In accordance with the above conclusion, the no-load back-EMF waveforms obtained by the proposed EMN model almost match the FEA results. And the absolute value of the transient error ${\delta }_1$ between them is less than 7%, and the $M_1$ is 2.73%. Moreover, the experimental no-load back-EMF waveforms also agree with the results obtained by the proposed EMN model and the FEA. That is, the absolute value of the transient error ${\delta }_2$ between the proposed EMN model and experimental testing is not larger than 16%, and $M_2$ is about 4.63%, which is acceptable.

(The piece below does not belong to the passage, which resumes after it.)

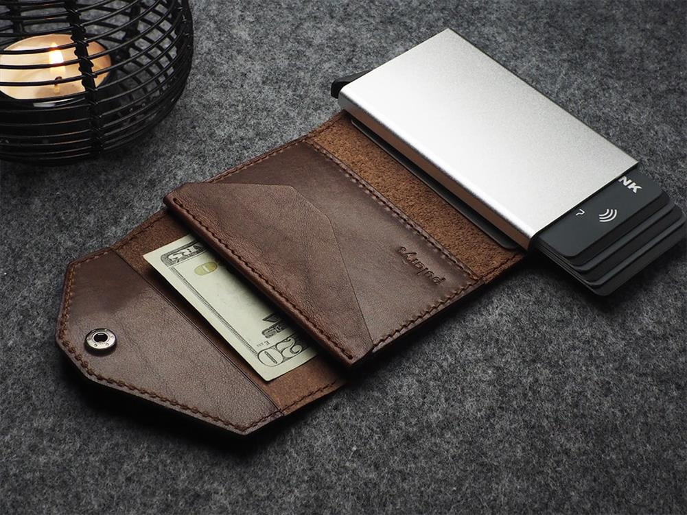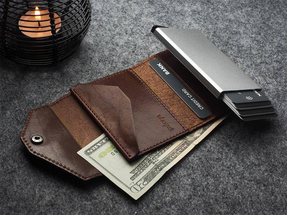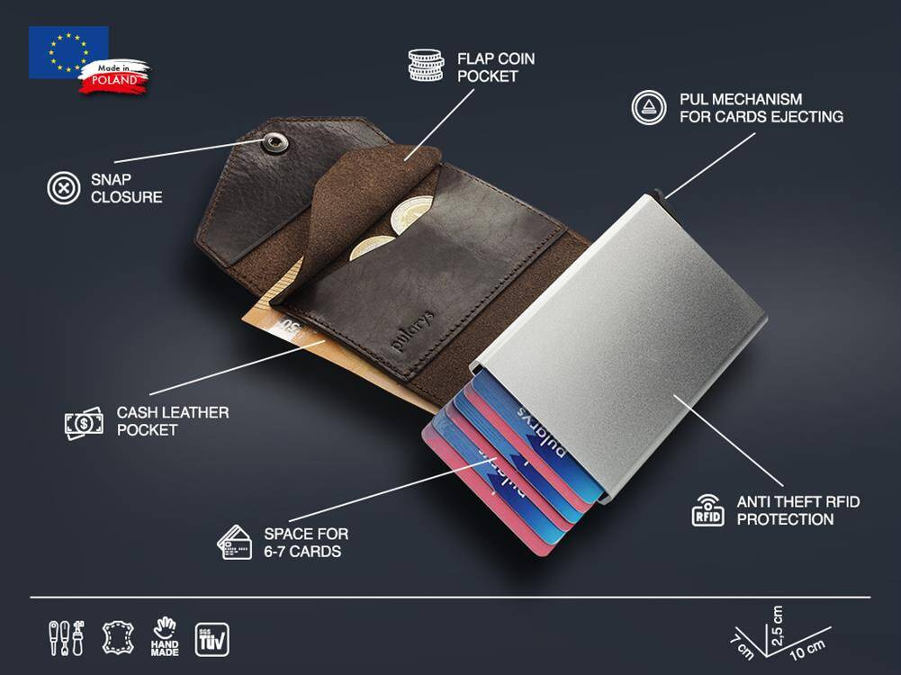Rozmiar: 6,5 x 10 x 2,5 cm Materiał: Skóra Nomad Mieści 7 kart Kieszeń na banknoty Kieszonka na monety Wzór zarejestrowany ® Zabezpieczenie RFID Przechowa wiele kart płatniczych i dokumentów. Specjalny mechanizm stopniowego wysuwania kart - "pul", zapewnia do nich szybki i łatwy dostęp. Dodatkowa kieszeń na banknoty oraz kieszonka na bilon. Dzięki zastosowanej w jego konstrukcji technologii blokowania RFID, Twoje dane oraz środki na kartach płatniczych są całkowicie bezpieczne i chronione przed nieautoryzowanym skanowaniem lub kradzieżą. Portfel został starannie zapakowany w eleganckim pudełku .

Furthermore, a series of no-load back-EMF waveforms at different speeds are experimentally measured and compared with the proposed EMN model and the FEA results. Figure 17a,b show the transient error ${\delta }_1$ and ${\delta }_2$, respectively. It can be seen from Figure 17a that the absolute value of the transient ${\delta }_1$ at different speeds is always less than 12.5%, and $M_1$ is less than 4%. And it can be found that from 90 r/min to 300 r/min, $M_1$ basically fluctuates between 3% and 3.5%, which means there is a good consistence in the no-load back EMF waveform between the proposed EMN model and the FEA in a wide range of speeds. Similarly, it can be seen from Figure 17b that the absolute value of the transient error ${\delta }_2$ at speeds below 240 r/min is about less than 15%, and $M_2$ is less than 5.5%. Compared with the transient error ${\delta }_1$, ${\delta }_2$ is a little larger, and it can be explained that the end effects are not considered in the proposed EMN model and FEA, thus causing the no-load back EMF discount in the prototype testing as shown in Figure 16. Anyway, the results show that the proposed EMN model is an effective method for evaluating the demagnetization characteristics of the analyzed six-phase surface-mounted FMPMM in a wide range of speeds.

6. Conclusions

In this paper, the six-phase surface-mounted FMPMM demagnetization model based on the EMN method was established and evaluated. In order to realize a rapid EMN modeling and accurate result analysis of the six-phase surface-mounted FMPMM under different demagnetization types, the coercivity variable and the curve-fitting method were introduced. Also, the air-gap flux density and the no-load back EMF waveforms were obtained by the proposed EMN model, the FEA, and the prototype experiments, respectively. By comparison, it was shown that the results obtained by the proposed EMN model are consistent with the FEA and experimental testing. Also, the selected materials met the economy and the performance of the machine operation. At the same time, the proposed EMN model required a shorter calculation time than the FEA. In consequence, the proposed EMN model not only enriched the method for modeling FMPMM demagnetization mode, but also provided a reference for a demagnetization diagnosis of the machine.